Now, as I stated in my original post, after I had signed up for the 7.5MBps plan and then later discovered the drastic difference to that and what I was receiving, and after many hours going through all of the troubleshooting steps over and over with each rep and then finally finding, by myself, the online tool that tests the quality of the line between the CO and the NID, my local CO told me at first that they could not provide me with service faster than 1.2MBps and later that was reduced to 950kbps. As you yourself stated, lasagna, Verizon would have done "....a line quality test and figure(d) out which service tier you can be provisioned on and then figure out the maximum speed on the tier which you will be able to obtain....". Why would anyone choose the 7.5MBps plan if the sales rep had said to them that the plan was "up to" 7.5MBps but we know that we can only provide you with up to 1.2MBps, no wait, 950kbps? So no, I was not told about that "Fact of life and (a) function of technology.", and if I never had called in and told them that I had used that tool and demanded a service call, I would not have been put in touch with the person at the CO, thus never had found out about them not being able to provide the 'up to' 7.5MBps service and I would to this day (and probably for many years) would be paying 47.95/month for 950kbps throughput!
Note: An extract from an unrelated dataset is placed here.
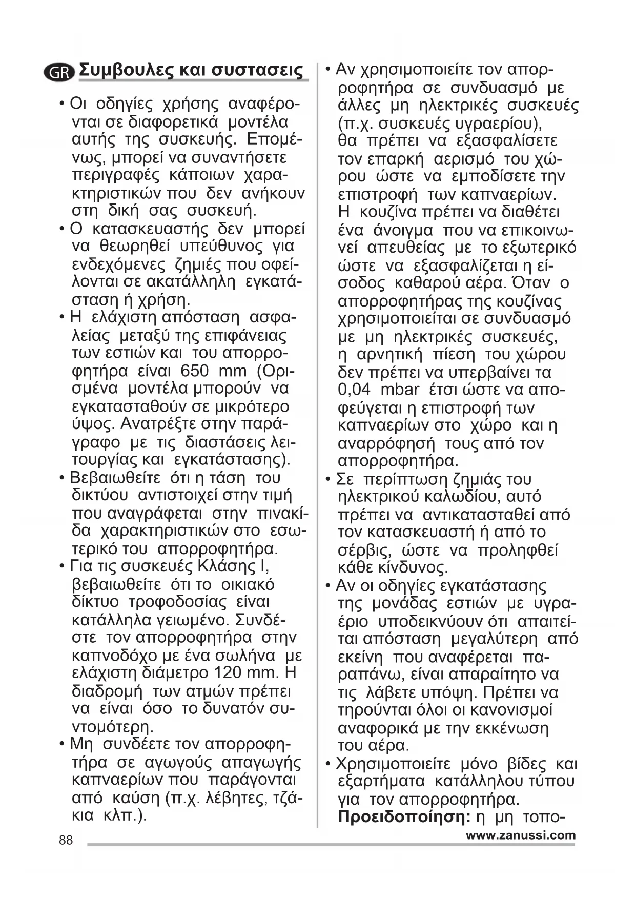 - Χρησιμοποιείτε μόνο βίδες και εξαρτήματα κατάλληλου τύπου για τον απορροφητήρα. Προειδοποίηση: η μη τοπο- GR89 www.zanussi.com θέτηση των βιδών και των συστημάτων στερέωσης σύμ- φωνα με τις παρούσες οδη- γίες, μπορεί να προκαλέσει ηλεκτροπληξία.

Now, I know that there is such a thing as brand loyalty and I'll admit that there are a few companies that I'll also defend to the death even at the expense of appearing to be an employee of that company thus taking away all attempts at trying to make people think I'm merely just a customer who loves the product. However, Verizon is not one of those companies for me. And I hope that after reading this, and the misplaced post (thank you for pointing that out and for kindly putting me in my place by telling me to take my gripe elsewhere) that they will also not consider Verizon as a company that they would not defend.
Anyway, thank you for letting me know so nicely about the error of my ways. I too wanted to explain my side in a way that was somewhat forceful and yet deceivingly polite so I enlisted the help of a passive aggressive friend whom I rarely spend any time with as he always uses 'yes/but' phrasing and for some reason is always asking me for different names of foods to use as his username on new internet accounts. How irritating!
08-11-2010 11:12 AM
I'm sorry you misinterpreted my earlier post on this thread as telling you to go elsewhere. My suggestion was merely that we refocus this thread on it's original intent which was the Net Neutrality discussion and open a new one with your observation that the service seems to be degrading and seeking others experiences with service so an indepth discussion on that topic could take place separately. Indeed if many others are finding the same experience, it would cause one to question what might be occurring. If not however, it would seem to be something specifically related to your installation (either a fault or one of the many factors I cited previously which are outside of Verizon's control -- issues which outline exactly why I hate DSL and am glad I live in an area where both Cable an FiOS are available as choices).
You are entitled to your perceptions -- I am merely stating an industry and regulatory view of why that would be an issue if indeed they were intentionally degrading service outside the limits as provided in the service level agreement. You solicited opinion, I am providing my view as requested.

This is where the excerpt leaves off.